A me mi devi stare lontano almeno 2 palmi dal culo (cit.)...


----------



## Tubarao (8 Ottobre 2014)

Nicka ha detto:


> :ar:
> 
> A me mi devi stare lontano almeno* 2 palmi *dal culo (cit.)...


Adesso voglio il nome, o i nomi.

Su questo non transigo. Sono cose che mi fanno incazzare di brutto.

Chi è che se l'è cantata ? Avanti ? 

No perché va bene quando si scherza, quando si cazzeggia, ma qui si mette in piazza il privato delle persone.




















Chi ti ha detto che un palmo solo non sarebbe bastato a metterti al sicuro ?


----------



## Caciottina (8 Ottobre 2014)

Tubarao ha detto:


> Adesso voglio il nome, o i nomi.
> 
> Su questo non transigo. Sono cose che mi fanno incazzare di brutto.
> 
> ...


il mio puoi anche cancellarlo di racconto visto che io non posso piu, e' immodificabile.
grazie.


----------



## Nicka (8 Ottobre 2014)

Tubarao ha detto:


> Adesso voglio il nome, o i nomi.
> 
> Su questo non transigo.
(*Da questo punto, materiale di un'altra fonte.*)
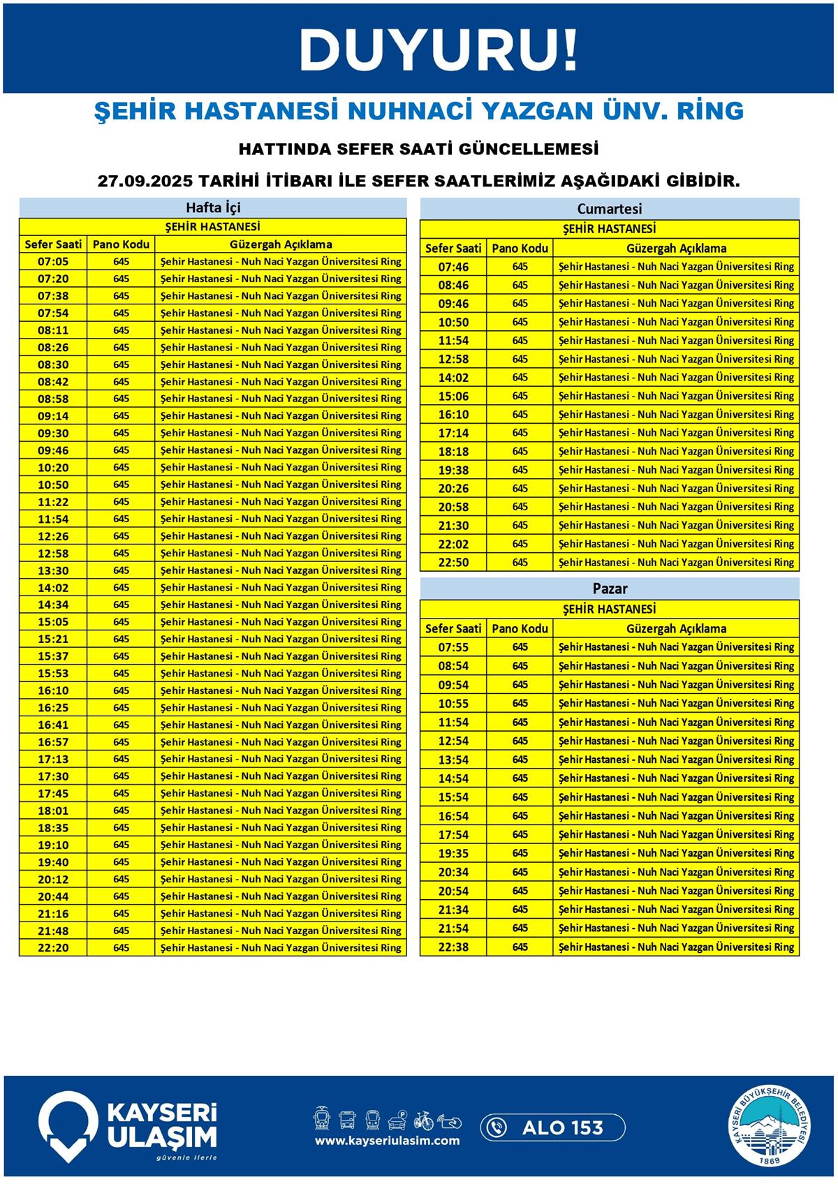 ŞEHİR HASTANESİ NUHNACİ YAZGAN ÜNV. RİNG HATTINDA SEFER SAATİ GÜNCELLEMESİ

Sono cose che mi fanno incazzare di brutto.
> 
> ...


Sei conosciuto nell'ambiente... non è colpa mia...

:ar:


----------



## Nobody (8 Ottobre 2014)

Nicka ha detto:


> Eh certo... :ar:
> Grande Nobody...e non solo è andato contro al punto "non deve essere iscritto" perchè li ha citati tutti, tranne me...nota di demerito... :ar:
> Non ha nemmeno rispettato il punto sulle 300 parole... :ar:
> L'unica cosa rispettata è: quel bastardo dell'admin... sulla quale comincio a concordare spaventosamente... :ar:


non ho citato nessuno (anzi nobody) dove li leggi?:carneval:  Nicka sarebbe stato troppo difficile da inserire, avrei dovuto far entrare in scena una spogliarellista finlandese  Sei in malafede!!!!


----------



## Nicka (8 Ottobre 2014)

Nobody ha detto:


> non ho citato nessuno (anzi nobody) dove li leggi?:carneval:  Nicka sarebbe stato troppo difficile da inserire, avrei dovuto far entrare in scena una spogliarellista finlandese  Sei in malafede!!!!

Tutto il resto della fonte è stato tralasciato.